◆ TASK OBJECTIVE
A faithful copy of all the entries is required, with no pictures in it.

◆ TASK DATA

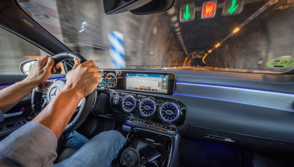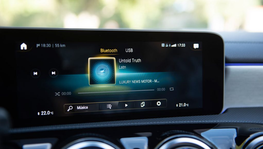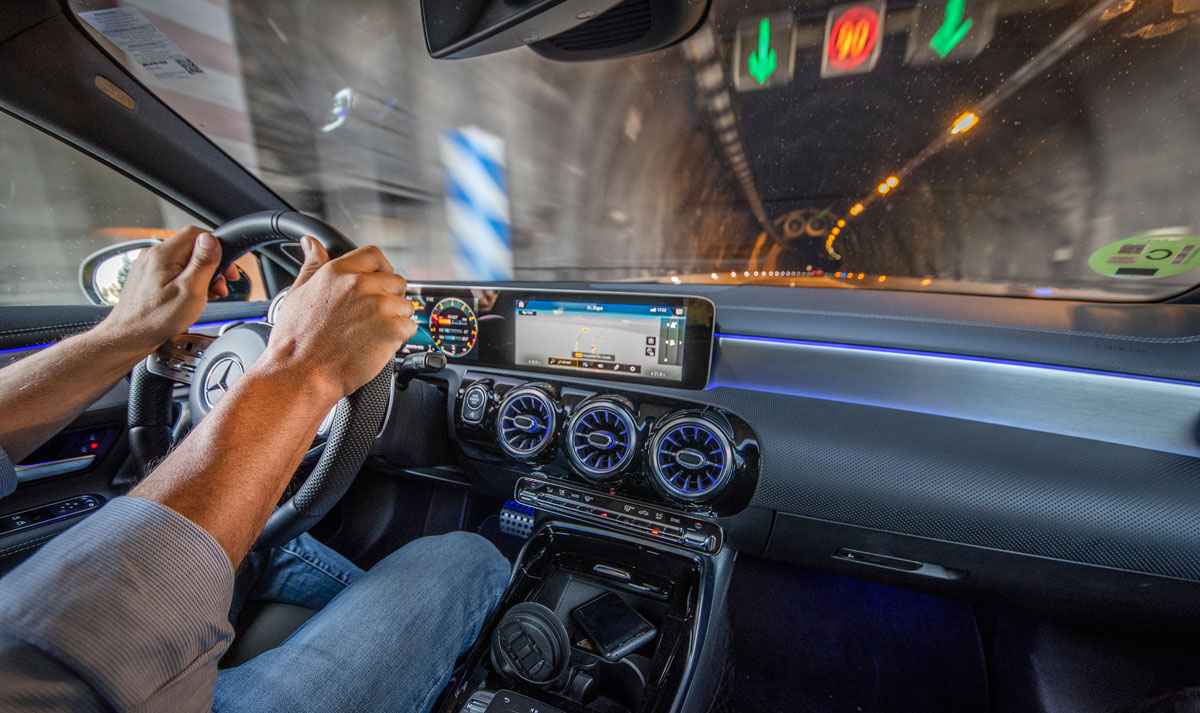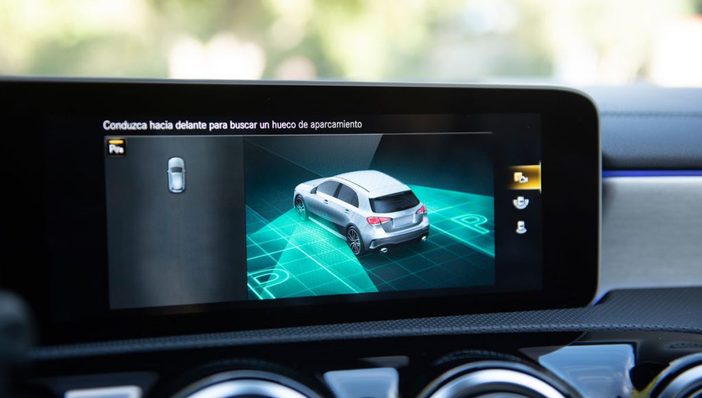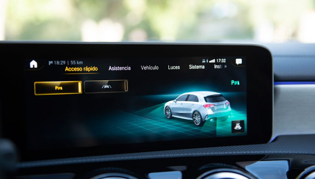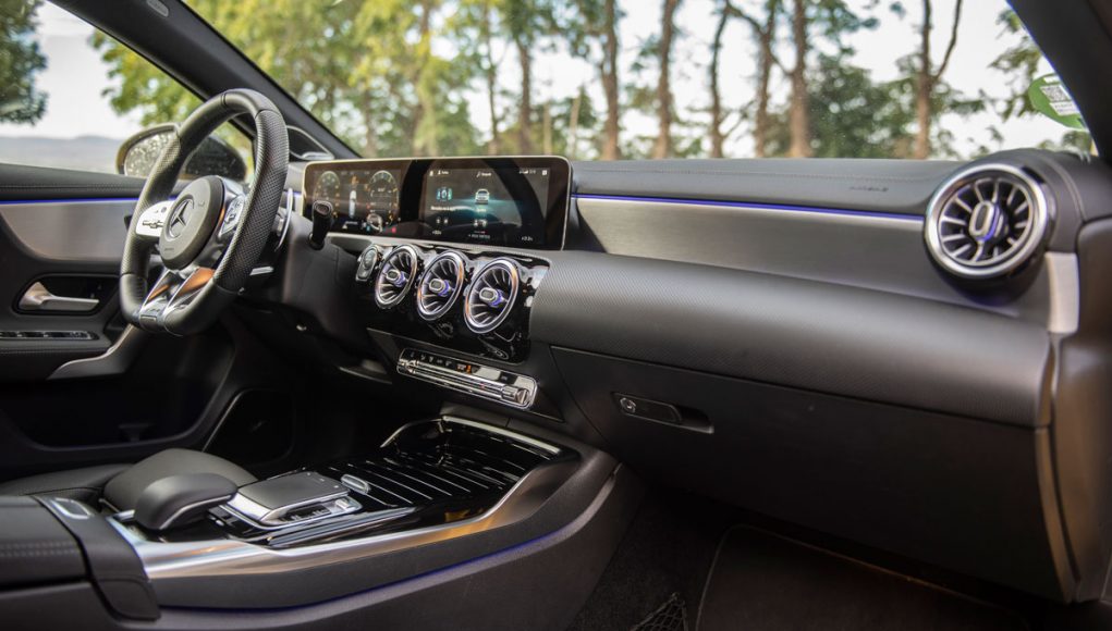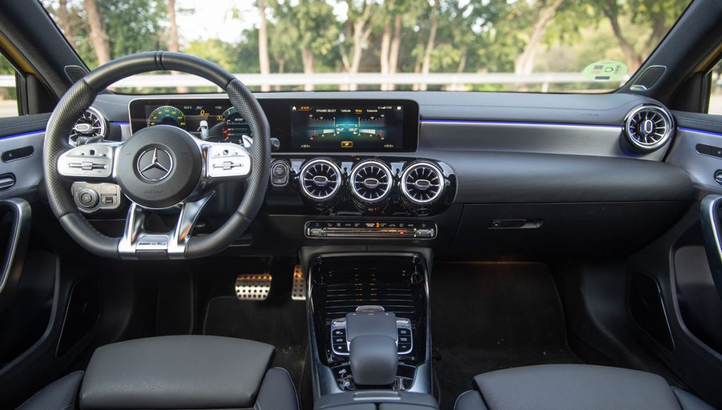 Al pasar al interior del AMG A 35 nos encontramos con un Clase A tope de gama con algunos adornos racing. Las modificaciones no son exageradas pero tampoco es el objetivo en este tipo de modelos, que ya cuentan con el arsenal tecnológico de ser un equipamiento superior. El ajuste de los precios de Mercedes supone el uso de materiales de peor calidad, hay mucho plástico duro y algunas piezas no encajan todo lo bien que deberían. Lo solucionan con molduras bien diseñadas, mucha superficie acolchada y el ‘piano black’, que considero han usado en demasía.
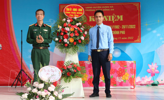 Đồng chí Chỉ huy trưởng Bộ CHQS tỉnh đã tặng hoa và gửi những lời chúc mừng tốt đẹp nhất đến đội ngũ cán bộ, giáo viên Trường THCS Hồng An nhân ngày Nhà giáo Việt Nam 20/11. Đồng chí ghi nhận và đánh giá cao những nỗ lực, cố gắng cùng đóng góp to lớn của nhà trường, góp phần vào công tác giáo dục và đào tạo của huyện và tỉnh; đồng thời đề nghị nhà trường phát huy hơn nữa tinh thần đoàn kết, sáng tạo, chủ động nâng cao năng lực, trình độ chuyên môn, xây dựng môi trường giáo dục lành mạnh, tập trung triển khai đồng bộ các giải pháp nâng cao chất lượng giáo dục toàn diện, tích cực đổi mới phương pháp dạy và học, tiếp tục đầu tư, khai thác, sử dụng có hiệu quả cơ sở vật chất, trang thiết bị dạy học; địa phương tiếp tục quan tâm hơn nữa tới đầu tư cơ sở vật chất, đội ngũ cán bộ giáo viên đủ về số lượng, nâng cao về chất lượng, đáp ứng nhu cầu đào tạo học sinh thành những công dân đủ đức và tài có ích cho xã hội trong thời đại mới.
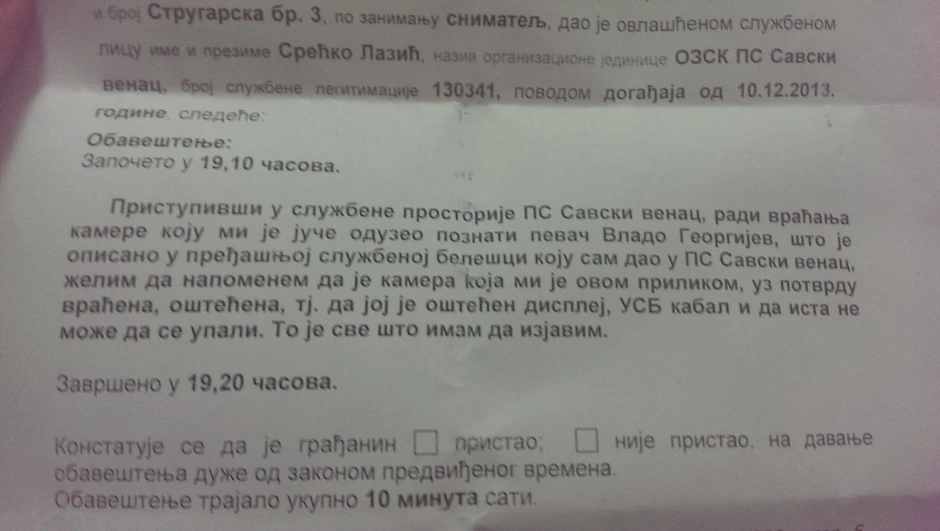 Darko Popović izjavio je da je kamera vraćena ali da je oštećena, kao i da ista ne može da se upali.
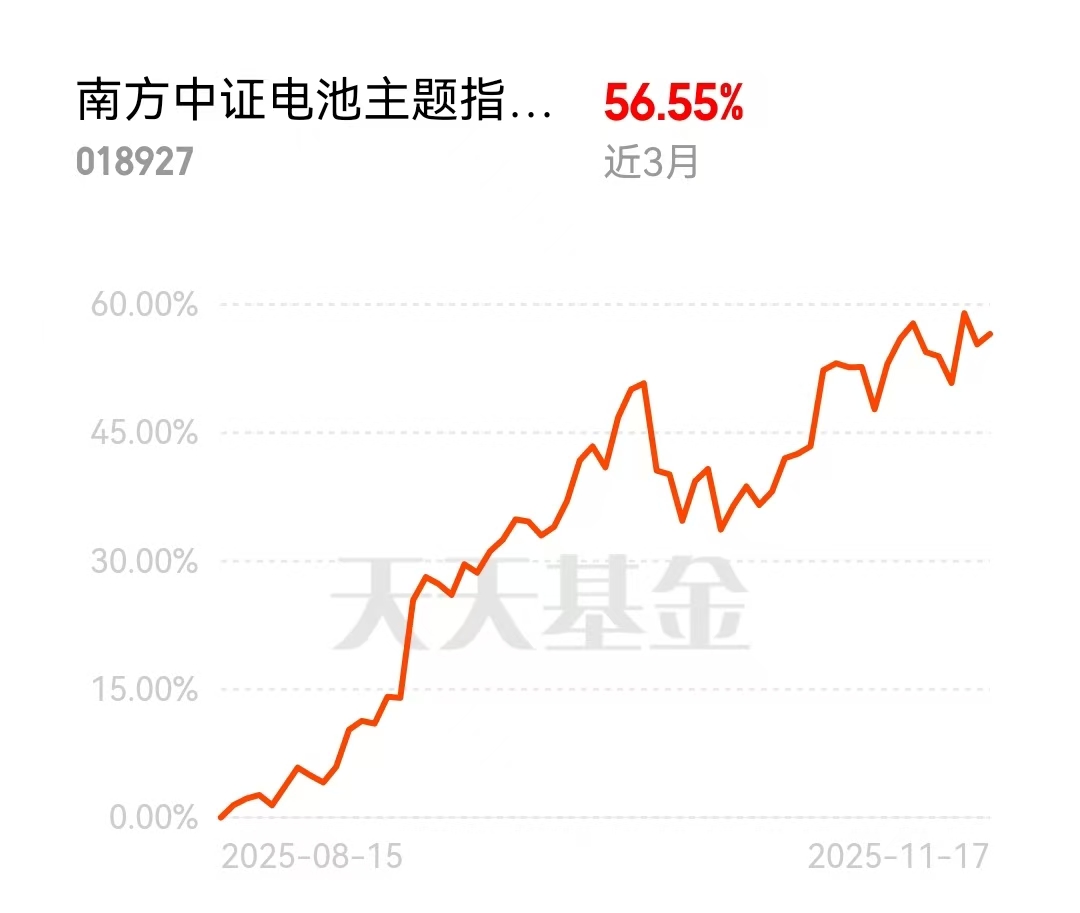别看新能源前两年灰头土脸,现在可是“政策+需求+技术”三重推力在点火。国家刚发文件推新能源集成融合,储能建设要加速,电池需求直接爆了。$南方中证电池主题指数发起A$(018926)跟踪中证电池指数,覆盖光伏、锂电、储能全链条,近三个月66%的涨幅已经说明一切。而且它固态电池相关权重高,未来电池技术突破,这基吃红利最直接。周期反转不是嘴上说说,是业绩走出来的——近一月15%、今年来75%,趋势线往上翘,拿稳就行。#今年买基金赚了多少钱?#
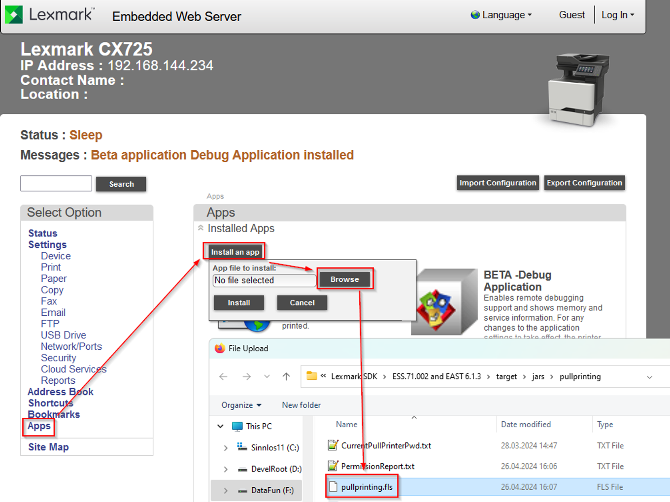 - Navegue até **"Apps" → "Instalar um aplicativo" → "Procurar" → selecione o arquivo keyboardreader-###.fls
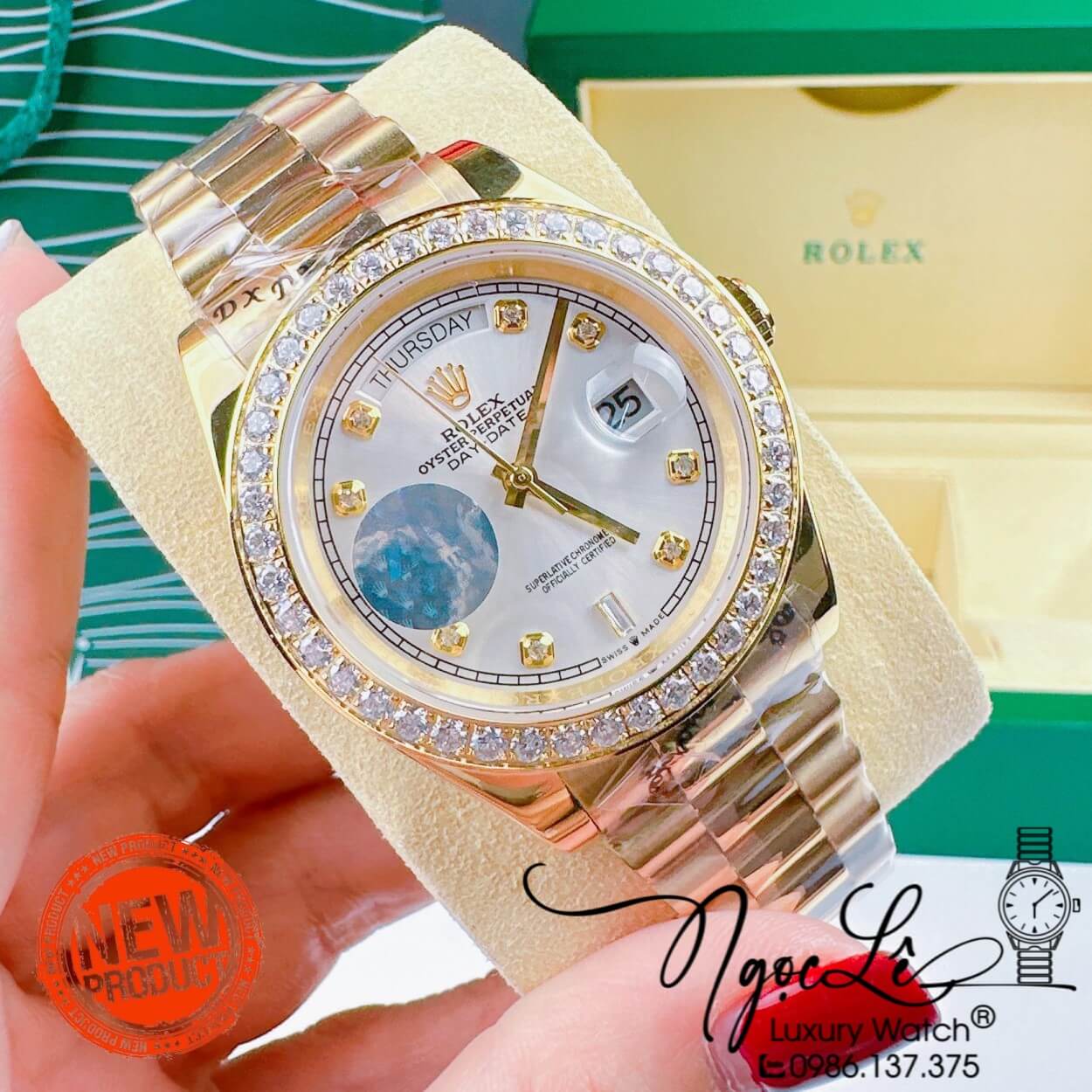 Đồng Hồ Rolex Day-Date Automatic Nam Dây Kim Loại Vàng Mặt Trắng Niềng Đá Size 41mm

◆ EXERCISE OUTPUT
 Al pasar al interior del AMG A 35 nos encontramos con un Clase A tope de gama con algunos adornos racing. Las modificaciones no son exageradas pero tampoco es el objetivo en este tipo de modelos, que ya cuentan con el arsenal tecnológico de ser un equipamiento superior. El ajuste de los precios de Mercedes supone el uso de materiales de peor calidad, hay mucho plástico duro y algunas piezas no encajan todo lo bien que deberían. Lo solucionan con molduras bien diseñadas, mucha superficie acolchada y el ‘piano black’, que considero han usado en demasía.
 Đồng chí Chỉ huy trưởng Bộ CHQS tỉnh đã tặng hoa và gửi những lời chúc mừng tốt đẹp nhất đến đội ngũ cán bộ, giáo viên Trường THCS Hồng An nhân ngày Nhà giáo Việt Nam 20/11. Đồng chí ghi nhận và đánh giá cao những nỗ lực, cố gắng cùng đóng góp to lớn của nhà trường, góp phần vào công tác giáo dục và đào tạo của huyện và tỉnh; đồng thời đề nghị nhà trường phát huy hơn nữa tinh thần đoàn kết, sáng tạo, chủ động nâng cao năng lực, trình độ chuyên môn, xây dựng môi trường giáo dục lành mạnh, tập trung triển khai đồng bộ các giải pháp nâng cao chất lượng giáo dục toàn diện, tích cực đổi mới phương pháp dạy và học, tiếp tục đầu tư, khai thác, sử dụng có hiệu quả cơ sở vật chất, trang thiết bị dạy học; địa phương tiếp tục quan tâm hơn nữa tới đầu tư cơ sở vật chất, đội ngũ cán bộ giáo viên đủ về số lượng, nâng cao về chất lượng, đáp ứng nhu cầu đào tạo học sinh thành những công dân đủ đức và tài có ích cho xã hội trong thời đại mới.
 Darko Popović izjavio je da je kamera vraćena ali da je oštećena, kao i da ista ne može da se upali.
别看新能源前两年灰头土脸,现在可是“政策+需求+技术”三重推力在点火。国家刚发文件推新能源集成融合,储能建设要加速,电池需求直接爆了。$南方中证电池主题指数发起A$(018926)跟踪中证电池指数,覆盖光伏、锂电、储能全链条,近三个月66%的涨幅已经说明一切。而且它固态电池相关权重高,未来电池技术突破,这基吃红利最直接。周期反转不是嘴上说说,是业绩走出来的——近一月15%、今年来75%,趋势线往上翘,拿稳就行。#今年买基金赚了多少钱?#
 - Navegue até **"Apps" → "Instalar um aplicativo" → "Procurar" → selecione o arquivo keyboardreader-###.fls
 Đồng Hồ Rolex Day-Date Automatic Nam Dây Kim Loại Vàng Mặt Trắng Niềng Đá Size 41mm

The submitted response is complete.